Cuando nos detuvimos delante del portal, me quedé expectante. Cristina me había dicho que, si no me llevaba a la cama ese mismo día, mala señal.  Yo pensaba lo contrario: si quería acostarse conmigo en la primera cita, posiblemente no quisiera nada más que eso y luego me olvidaría. No estaba siquiera segura de si le hubiera dejado. Si me dejaba ir sin siquiera un beso, por otro lado, quizá había entendido mal la cita y no tenía interés alguno en mí.

Después de unos segundos tensos, que me parecieron eternos, decidí tomar la iniciativa.

—Bueno, Juanma, muchas gracias por todo. Ha sido una tarde fantástica.

Acerqué la mejilla a su cara con la intención de que despedirme con un breve roce, desilusionada. En lugar de hacerlo, sentí sus dedos en el mentón y el corazón se me disparó. Con firmeza, hizo que girase hasta quedar frente a sus labios y me besó por vez primera. Fue una sensación dulce, diferente. Noté que se me ponía de gallina la piel de todo el cuerpo. Hasta mis discretos pezoncitos se irguieron, tratando de perforar el sujetador y fracasando en el intento ante todo el relleno que usaba para fingir mi busto. Él dominó todo el acto. Me sujetó de la nuca, me condujo y me guió, inclinándome la cabeza a su capricho, jugando con su lengua y la mía, a veces en una boca, otras en la otra. Aquello fue más relación sexual que beso. Nunca había sentido algo así. Notaba mi tanguita húmedo en tan solo cinco minutos de ósculo ininterrumpido.

—¿Volveré a verte? —logré articular cuando recuperé lo suficiente el aliento.

—Por supuesto que lo harás. Mañana mismo te buscaré un hueco en mi agenda y te llamaré. Tenemos mucho que hacer.

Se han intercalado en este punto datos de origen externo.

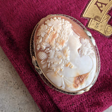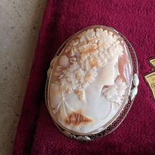 Gorgeous, large carved shell cameo brooch and pendant featuring Dionysus, also known as Bacchus, or one of the deity's followers, wreathed in grape vines.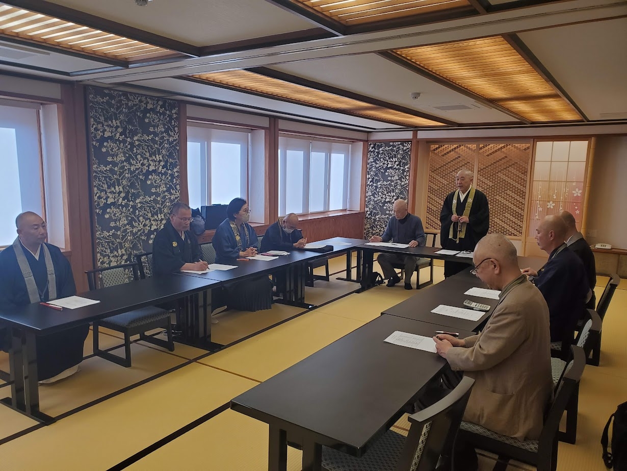 2期6年間支所長を務められ、この3月をもって退任されました天尾隆心僧正よりご挨拶があり、令和6年度事業報告ならびに決算報告が承認されたのち旧役員は退室。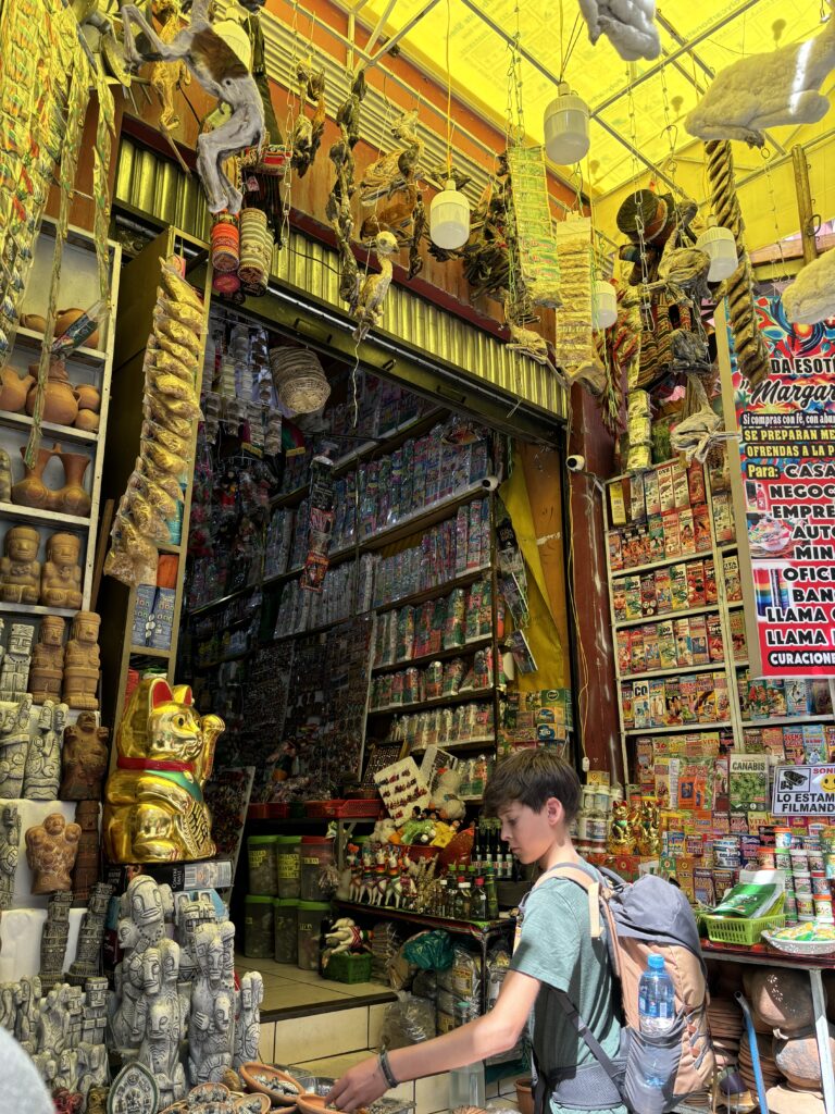 Notre première découverte fut le Mercado de las Brujas, le marché aux sorcières, une vraie caverne d’Alibaba, et sa célèbre rue aux parapluies la « calle de las Brujas ». Plutôt tranquille le dimanche, nous n’avons pas croisé de chamans ni de diseuses de bonne aventure. Mais nous avons beaucoup appris sur les rituels andins et les mythes locaux. Entre potions, amulettes et plantes médicinales, on plonge dans un monde où la spiritualité est omniprésente, héritée des traditions incas.

Cuando se fue, me quedé largo tiempo quieta, de pie, sin atreverme a subir al humilde piso materno. Mi mente estaba mucho, mucho más allá, todavía saboreando los labios finos del doctor sobre los míos, tan gorditos y diferentes. Se había llevado todo mi carmín, pero no me importaba en absoluto.

Ese fue el momento en que decidí que tenía que ser mío, como decía al principio. Mío para siempre. Me plegaría, me adaptaría, haría lo necesario para complacerle, para conseguir tenerle... Y no, no estaba pensando en él. No sólo, al menos, sino en todo lo que me podía ofrecer. Como me había dicho, me iba a agarrar a ese "algo más en la vida". Cristina estaría orgullosa de mi decisión. Ella misma me había dicho que, si lograba aferrarme, que no lo dejase escapar bajo ningún concepto. Después de todo, no podía ser tan diferente a cualquier otro hombre, ¿no?